Private equity behemoth Blackstone has taken out a $2.73 billion loan to finance its acquisition of PS Business Parks, public mortgage documents show.
Blackstone, one of the country’s largest investment managers, paid $7.6 billion earlier this month for the Glendale, Calif.-based REIT whose portfolio spans 93 properties, serving approximately 4,800 tenants in 27 million square feet of space as of June. The national portfolio includes a range of industrial, office and flex properties in California, Texas, Northern Virginia and Miami, among other places.
Nearly a quarter of the properties, 24 percent, are in Florida. The total collateral tied to the acquisition stands at $4.2 billion, which makes just over $1 billion attributable to Florida properties, per the mortgage document.
The loan was issued by a consortium of banks, including Bank of America, Morgan Stanley, Société Générale as well as the real estate arms of CitiBank and Barclays.
Self storage provider Public Storage, which is PSB’s largest shareholder, agreed to vote in favor of the acquisition, which was announced in April and closed July 20.
As remote work from abroad took off and evictions rose, the self storage asset class thrived during the pandemic — a trend that’s likely to continue.

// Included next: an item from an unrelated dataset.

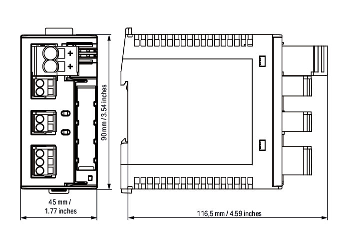 Interruttore di sicurezza elettronico. 2 canali. Tensione di ingresso 48 V DC. regolabile da 2 a 10 A. Contatto segnale
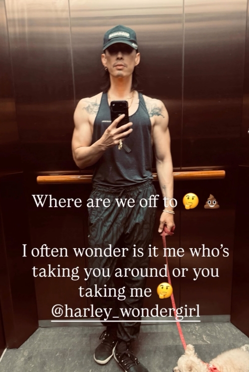 吳建豪近期2張自拍暴瘦模樣嚇壞粉絲。圖/翻攝自吳建豪IG吳建豪PO出一張在電梯內自拍,身穿黑色背心、戴著鴨舌帽遮住半張臉,雖然身材一樣健碩,但是臉卻是往內凹下、明顯消風不少,看起來相當憔悴,與先前在舞台上的模樣截然不同,甚至讓粉絲懷疑是否生病所致。

The average rent of 10-foot-by-10-foot standard and climate-controlled self storage units increased by 8 percent and 9.5 percent, respectively, annually in April, according to a report by Yardi Matrix, which tracks nearly 29,000 multiunit self storage properties in major markets nationwide.
The April figures far outpaced those of 2018 and 2019, suggesting that self-storage rates could grow even more.
For Blackstone, the PS Business Parks acquisition is the latest in a string of purchases. In April, it agreed to buy student-housing operator American Campus Communities for nearly $13 billion. Last year, the investor paid $2.8 billion for a portfolio of 124 logistics properties in the United States and Europe.